[Task input — start]

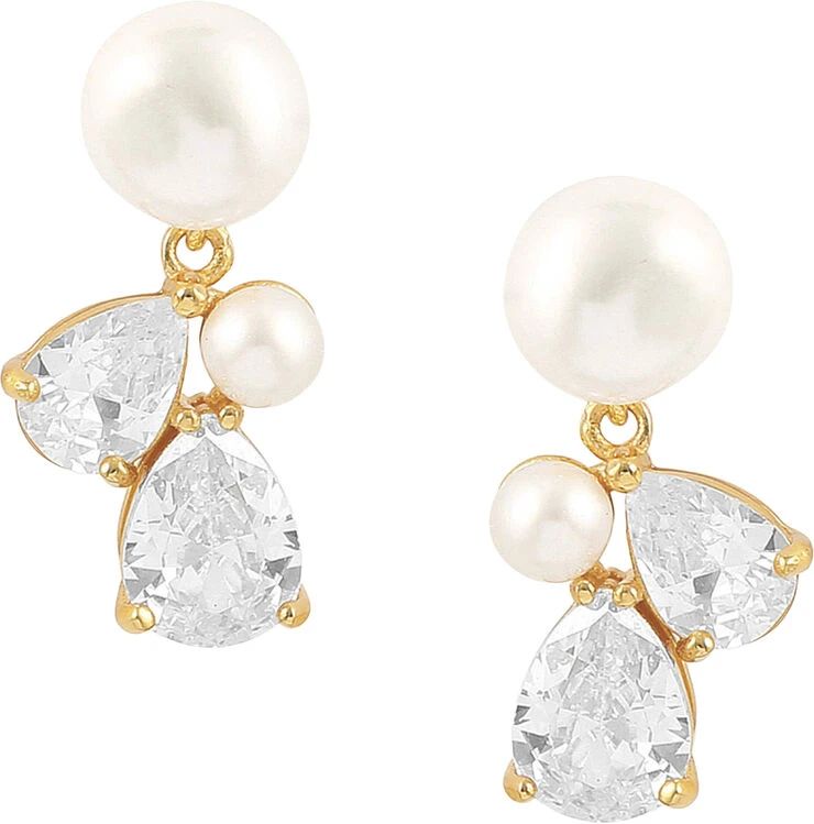 Sterling sølv forgyldt med 18 karat guld, cubic zirconia og ferskvandsperler. Længde: 2 cm
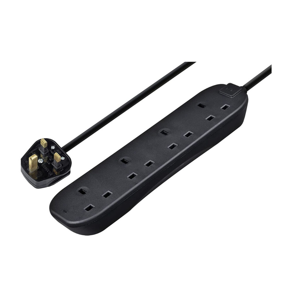 Masterplug 4 Socket Extension Lead 13A 2 Metre, Black
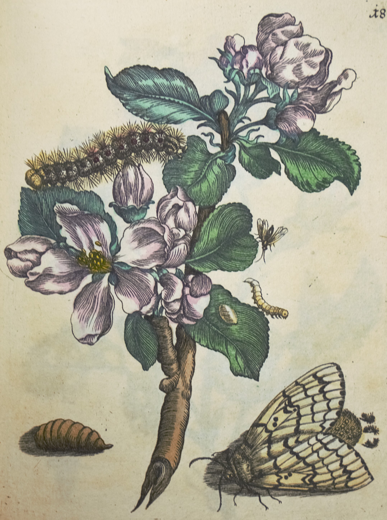 Nissen, BBI 1342. Landwehr, Dutch Books with Coloured Plates, 135. Pfeiffer A 7. Wettengl Kat. Nr. 155. – Erste lateinische Gesamtausgabe aller 3 Teile (hier lediglich wie oft bei Zusammenbindung ohne das Frontispiz von Schnyvoet und die beiden Titelkupfer zu Teil II und III). Abgebildet sind verschiedene Schmetterlinge, Raupen und andere Insekten mit deren pflanzlicher Nahrung. Da die Raupen und Schmetterlinge auf den Pflanzen bzw. Blumen dargestellt sind, auf denen sie leben, gehört das Werk der Sib. Merian zugleich zu den schönsten Pflanzenbüchern ihrer Zeit. "Vom rein künstlerischen Standpunkt enthalten ihre Werke die weitaus besten Schmetterlings-Darstellungen, welche bis dahin erschienen waren. Sie hat es verstanden ihren Werken als Buchschöpferin eine Form zu geben, welche dieselben unter die schönsten und eindrucksvollsten Veröffentlichungen aller Zeiten einreiht, so daß sie noch heute das Entzücken aller Bücherliebhaber und aller Liebhaber der Natur bilden ... " (Pfeiffer).
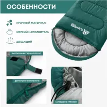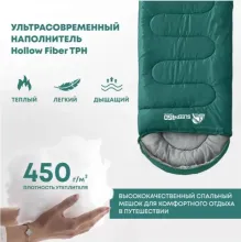Внешняя ткань — Polyester Rip Stop 210T 68D с водоотталкивающей пропиткой: прочная, износостойкая, но мягкая, защищает от влаги, например от конденсата в палатке. Подкладка — дышащий Polycotton T/R 88X64 с добавлением хлопка: легкая, приятная на ощупь, с высокой паропроницаемостью, эффективно отводит влагу от тела. Утеплитель Hollow Fiber TPH собственной разработки содержит волокна с микроскопическими порами, которые создают дополнительные воздушные камеры — это обеспечивает высокую теплоизоляцию при небольшом весе. Упругие волокна быстро расправляются после распаковки, придавая спальнику объем и мягкость.
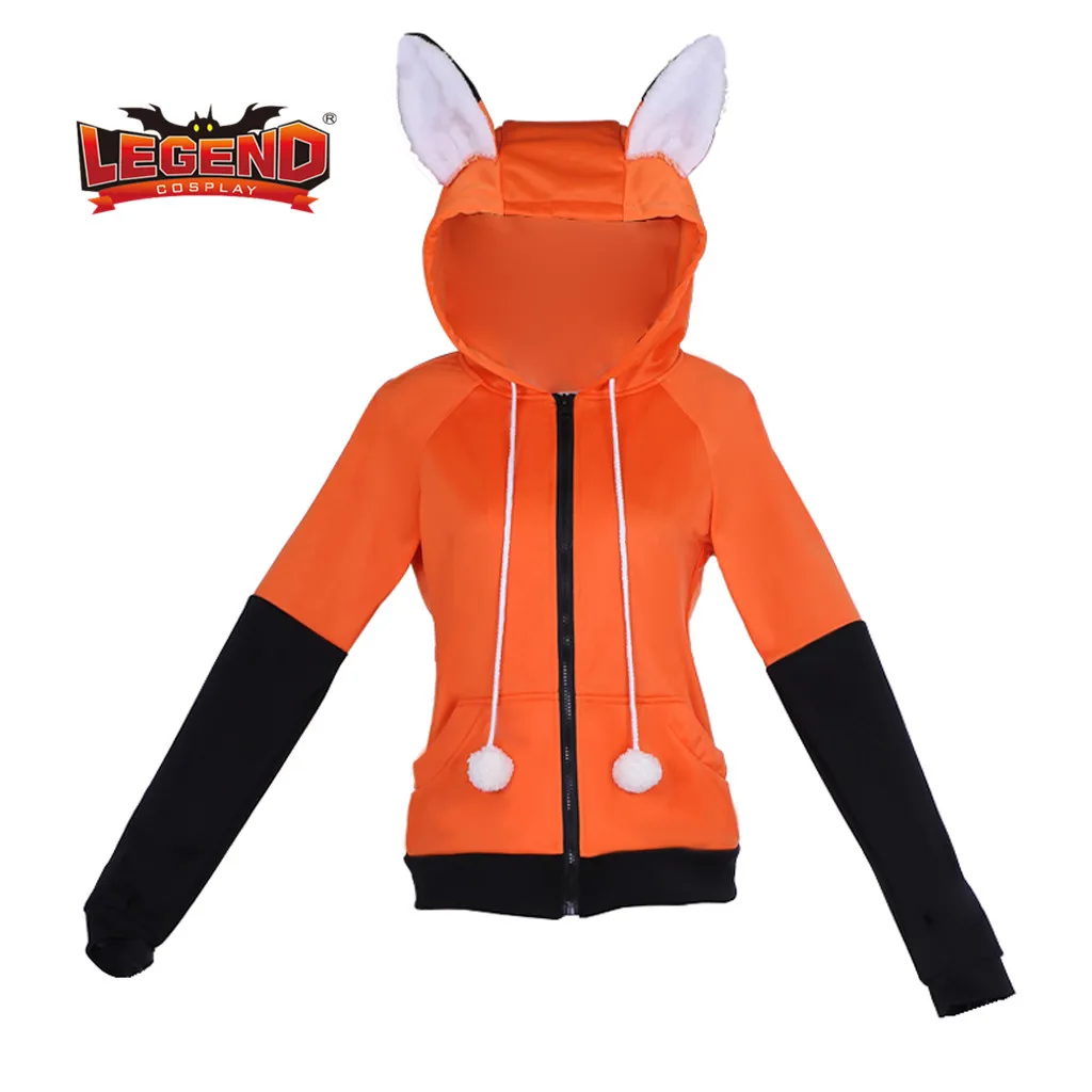 Cosplay legend Adult Cute Fox Ear Zipper Hoodies Coat Autumn Winter Orange Velvet Hoodies Jacket Custom Made H001
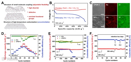 图5.合成的有机功能材料在Na/Cl2电池的应用
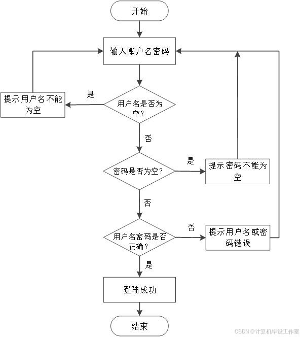 - 登录用户时输入多次不同的用户名、密码,如果不通过为测试通过。登录用户时输入的用户名不正确,如果出现提示为测试通过。
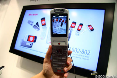 在坎城 SHARP 會場上最光鮮亮目的手機就是 902 與 802 兩隻手機, 902 為 802 之進階版,大小雷同,外型的差別僅在於部份面版顏色不同,902 並擁有光學變焦、自動對焦以及搭配 202 萬畫素的相機。SHARP 的手機依舊是大大隻的體積,不過由於寬大螢幕讓人可以一目了然,因此仍受大家喜愛。這兩隻手機有共通的優點,就是手機等於相機。因為兩隻手機螢幕皆可 180 度旋轉,因此轉一轉就可以變成照相手機,直著拍橫著拍,都好看!
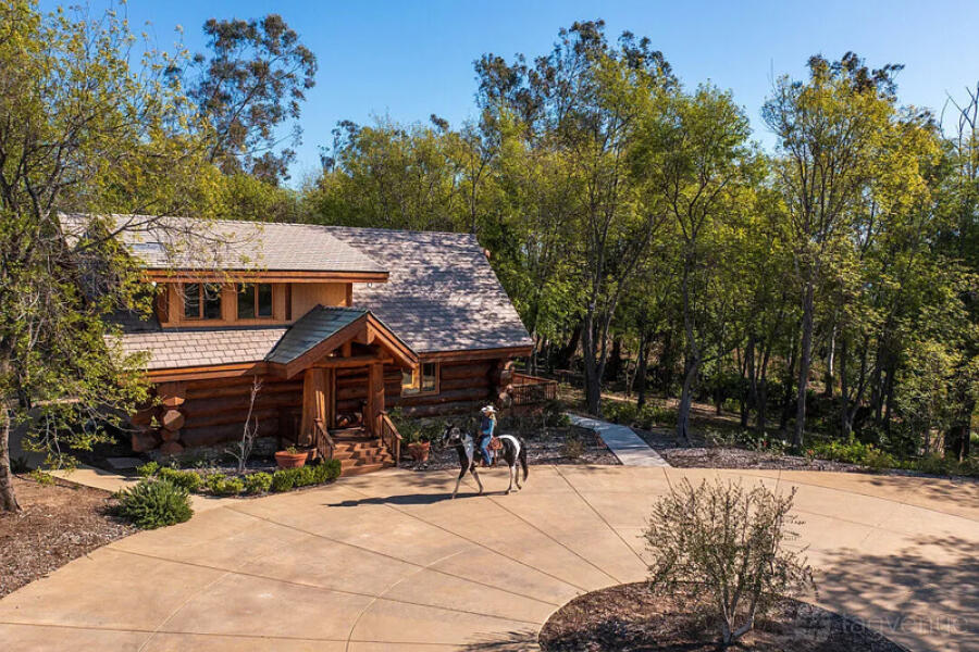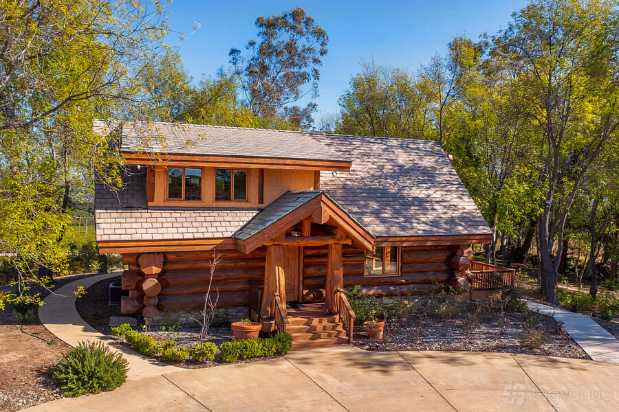 At the heart of this pastural haven lies a stunning Canadian cedar log cabin-inspired main home, boasting three bedrooms, two bathrooms, and 1,950 square feet of luxury living space. The main home presents endless options for entertaining, with bright living spaces adorned with hardwood floors, vaulted wood-beamed ceilings, and balcony terraces that frame breathtaking valley views.
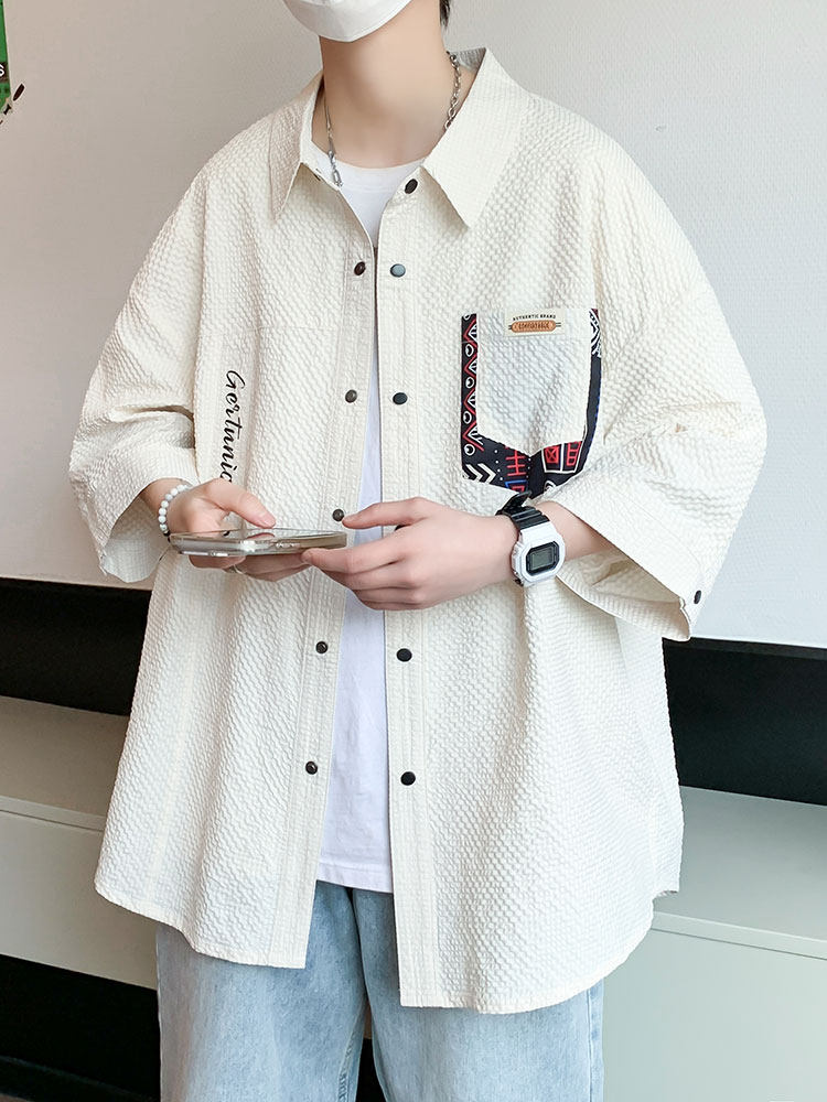 Summer Short-Sleeved Shirt for Men, Youth Hong Kong Style Trendy Brand Three-Quarter Sleeve Shirt, Junior High School and High School Student Sun Protection Jacket
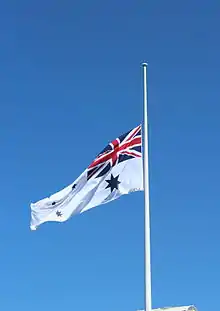- "What is the proper procedure to fly your flag at half-staff?". American Flag & Pole Co. مؤرشف من الأصل في 01 ديسمبر 2017. اطلع عليه بتاريخ 29 مايو 2017. الوسيط
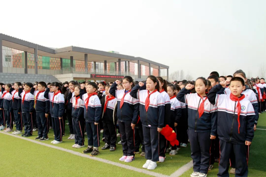 “宣誓”意味着作出承诺,担当责任,恪守忠诚,践行使命。对于每一位少先队员来说,宣誓是在表达自己努力为红领巾添光彩的决心。“我以红领巾的名义宣誓,我们是初升的太阳,朝气蓬勃;我们是年轻的一代,风华正茂。我们要用自己的行动,培养积极的人生态度,养成良好的行为规范,做一个热爱生活、努力学习、健康成长的优秀少先队员。”近1200名杨庄学子在国旗下进行了庄严的宣誓。
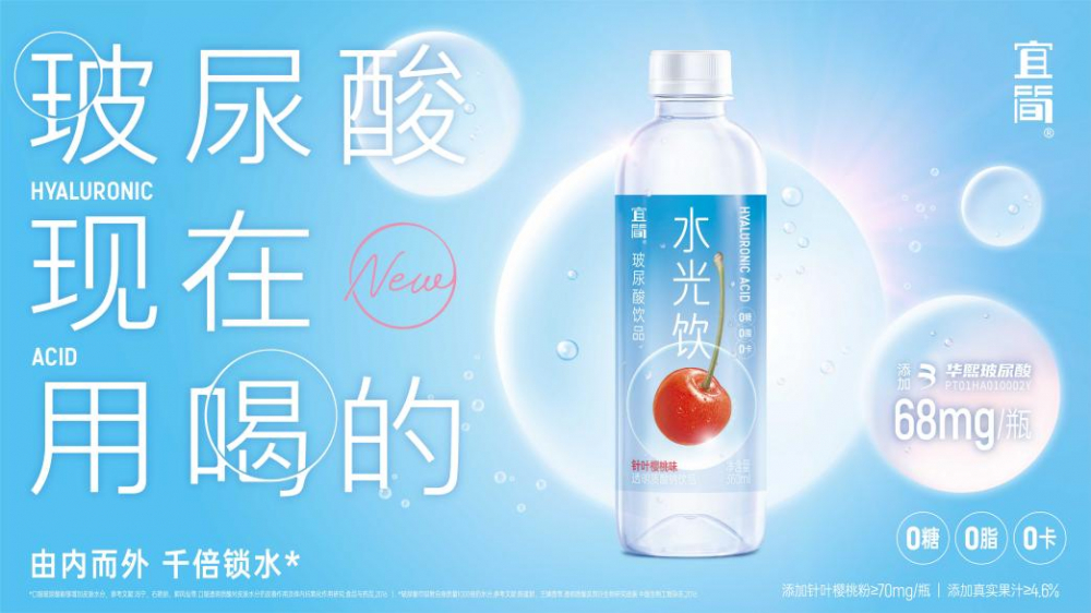 2021年1月7日,国家卫生健康委公告,批准透明质酸钠(即透明质酸,又称玻尿酸)为“新食品原料”。从此,玻尿酸除了可以涂抹护肤,还能被添加到乳品、饮料等食品中用来吃,透明质酸终端食品市场进一步放开,含玻尿酸食品顺势而生。宜简就是其中之一,6月快速推出了美容功能性饮品--水光饮·玻尿酸饮品,除了上架在常见的罗森、711等便利系统,天猫、京东官方旗舰店等电商平台也有销售。

[Task input — finish]

What you have to do =
Above are the records; repeat their lines from the first through the line containing "Masterplug 4 Socket", and leave out each picture.

Solution =
 Sterling sølv forgyldt med 18 karat guld, cubic zirconia og ferskvandsperler. Længde: 2 cm
 Masterplug 4 Socket Extension Lead 13A 2 Metre, Black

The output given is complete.